「唐突な急ハンドル」チェルノブイリ1986 MARさんの映画レビュー(感想・評価)
唐突な急ハンドル
1986年、当時ソ連のウクライナにて起きた原発事故に挑んだ消防士達の物語。
30年以上経った今でもよく聞く未曾有の事故ですよね。
キューバ危機にも並ぶ世界の大ピンチだった内容を、映画作品としてどう教えてくれるのかと期待したが・・・。
結論から言うと、ちょっと観たかった内容とは違っていたかな。。
技術的にもリアルな視点や、ソ連という独特な政府に対する反骨心みたいなもの中心に描くドラマ作品を期待していたのだけれど。。まぁ政治批判になるような内容はムリか。。
いずれにせよ、中盤までは粗100%ロマンスに振り切った内容。一応原発というワードが出てきたりはしたが、もはやチェルノブイリの映画だとは忘れそうになるほど。
そして、そこからいきなり、本当に本当にいきなりドーンですよ。前触れとか一切描かれず。
正直かなり呆気にとられました。
そこからの内容は危険すぎる原発に挑む男達や、身勝手なお偉いさんなど、自分が期待していたものが始まってはいったが、どうにも最初のロマンス全開からの急カーブが引っ掛かり、のめり込むことができなかった。
それに、俺の代わりにスイスに…なんて絶対認められないでしょ。まぁフィクションにツッコみ過ぎてもいかんですが。

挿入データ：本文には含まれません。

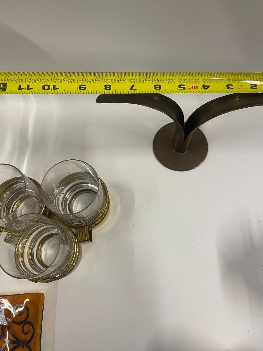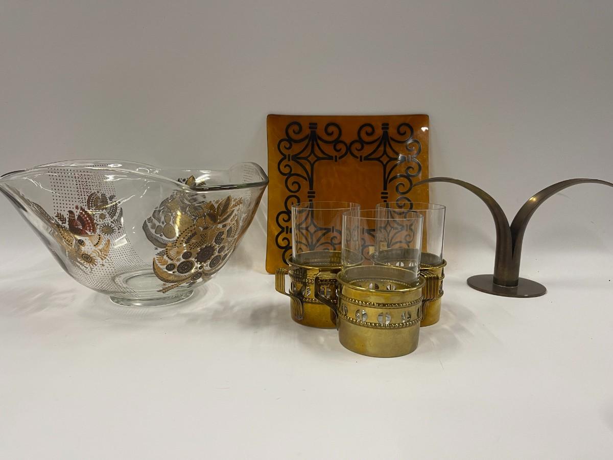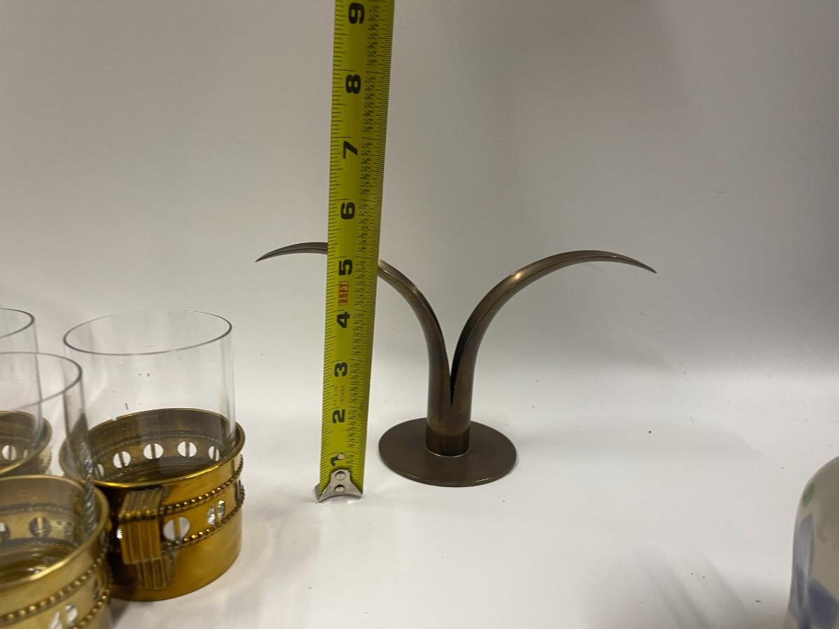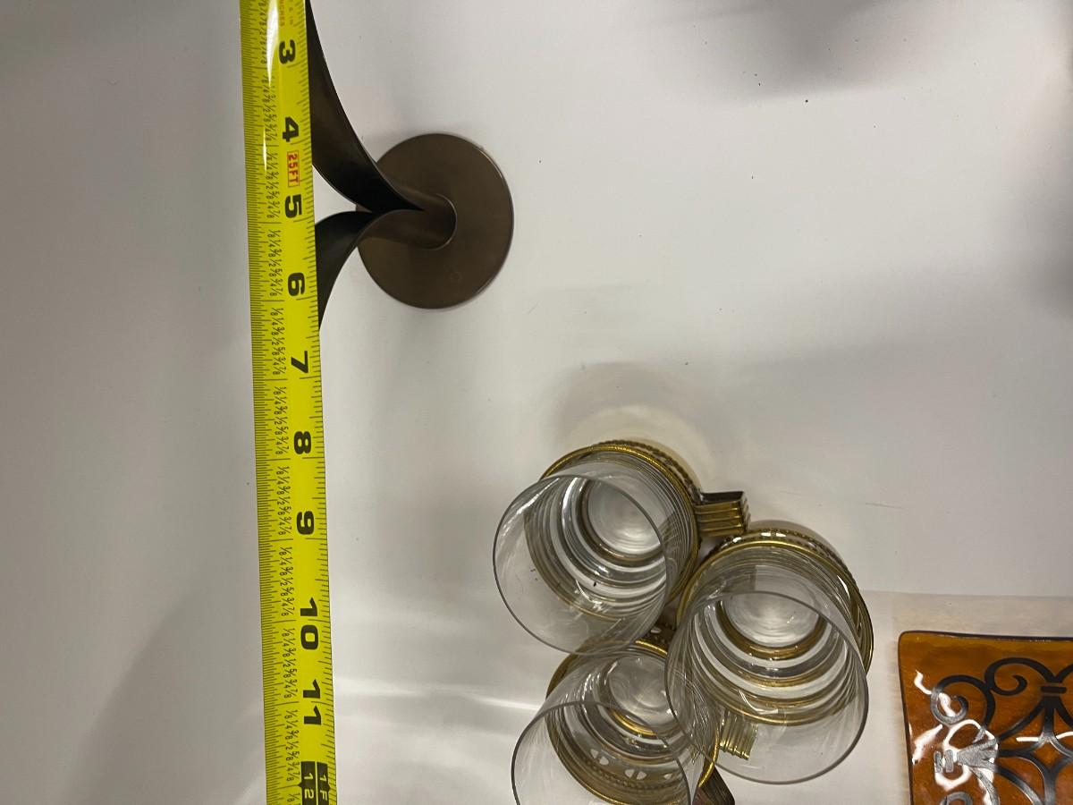 Lot of Vintage Georges Briard Glass, Ystad Candlestick & Glass Teacups With Metal Holders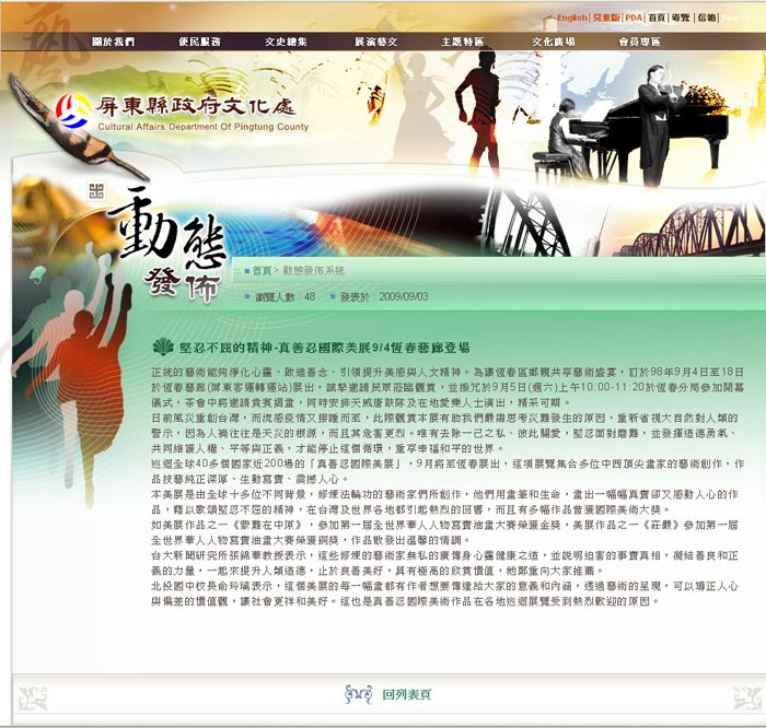 屏东县政府文化局网页刊登“真善忍国际美展”讯息,鼓励民众前来观赏

後半にはアレクセイとオリガの恋愛が良い味付けになっていった場面もあったが、とにかく前半をロマンスの代わりに、4号炉爆発までのいきさつや管理体制を描いたドラマにしていたら、ワタクシ的には結構な名作になったのかなぁ・・・なんて思ったりした。
なんか、大分前の映画ですが、パールハーバーをちょっと思い出したりもした。
とは言え、映画の中ではこれを人災だと言っていたり、ちょっと驚くシーンもあった。
それに、原発施設内で奮闘する姿は本当に緊張感もあり、パニックにも勇敢にもなる人間模様が良く描かれていた作品だった。